With each year delivering a fresh crop of box office-shattering superhero stories and failed cinematic universes, the media always returns to the concept of “superhero fatigue,” and when it will inevitably occur.
Marvel Studios president Kevin Feige spoke to Variety this week, and reckons that his $17.5 billion in global box office success proves the “fatiguers” wrong.
Not only has there not been the quote-unquote superhero fatigue that people have been asking me about since years before Iron Man, but here we are having our biggest year ever. Our instincts have always guided us, and the successes have always just encouraged us to keep following those instincts.
I’m pretty sure I’ve written articles about it myself, though I’m hoping said articles are long-lost in the internet ocean.
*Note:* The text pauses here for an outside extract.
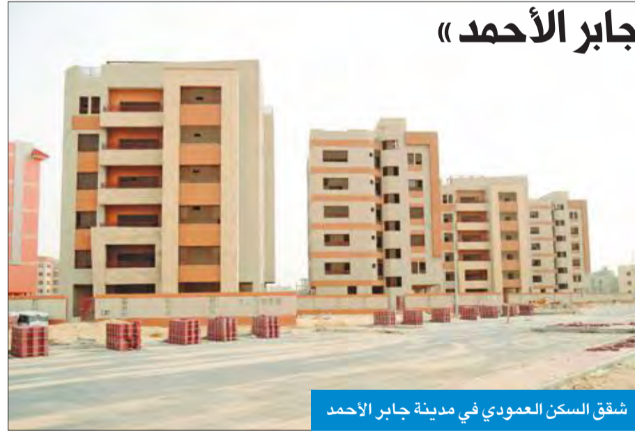
شقق السكن العمودي في مدينة جابر الأحمد

وأضاف التقرير أن قطاع التحفيز يباشر أعمال صيانة مركز الشباب بالقطاع N3 في المدينة ذاتها بقيمة 8 ملايين

But I’ve since come to realize that superhero fatigue was a silly, simplistic concept from the start.
Superhero movies are not some strange, childish trend, but the natural evolution of the traditional action film. James Bond, Ethan Hunt, and John McClane are undeniably superhuman, and become progressively more so with each film in their franchise.
Even action films rooted in “realism” like John Wick feature an impossibly skilled protagonist, because that’s what makes them so enjoyable. The grounded action film can only be so grounded, before the protagonist manages to fight off eight guys with a pencil sharpener, or whatever.
The superhero genre did not create the superhuman, but merely formalized the concept, establishing the superhuman as different due to a radioactive accident, alien ancestry, hi-tech accessories, or by obtaining a very particular set of skills through a lifetime of intense training.
Gods, aliens, mutants, spies, and super-suited soldiers can stand side-by-side in the superhero genre, and their action sequences can wallow in sheer spectacle, unconstrained by the shackles of reality. By establishing a ridiculous universe of skin-tight costumes and glowing MacGuffin space-crystals, the superhero genre allows the audience to just enjoy the fantasy, without ever saying “that’s not realistic.” At least, not without sounding like a twat.
The sullen cowboys and dirty cops are still around, but they can’t quite draw in the crowds like they used to. The “average man” protagonist seems to have lost his appeal; it’s like we all quietly admitted to ourselves that the average man can barely do a sit-up, let alone take down a terrorist organization single-handedly.
If one is going to play pretend, then one might as well do it properly, and include capes, masks, and glittery sequins. Plus, the superhero genre allows for fantasy, sci-fi and action elements to comfortably co-exist, meaning that Hawkeye can fight off an army of invading aliens with a bow and arrow, and not break the tone of the film through sheer stupidity.
As CGI steadily improves and budgets rise, action films simply had to find a way to get bigger, and incorporating the American-made mythology that already existed in superhero comics was the perfect way to do it.
I’ve always thought of the superhero genre as a close relative of the Western. Both genres feature simple conflicts between good and bad guys, who can be clearly distinguished by their appearance. Both genres are proudly American, and encourage a certain amount of patriotism, as well as pushing the notion that any problem, no matter how complex, can be resolved through violence.
As long as stories of pure-hearted individuals finding victory through brute force continue to be popular, the superhero genre will never die. The fatigue will simply not set in, unless we grow weary of bulging butts and biceps wrapped up in skin-tight Spandex.
Sexy people throwing fists is a tale as old as time, except now they shoot plasma beams and throw moons at each other.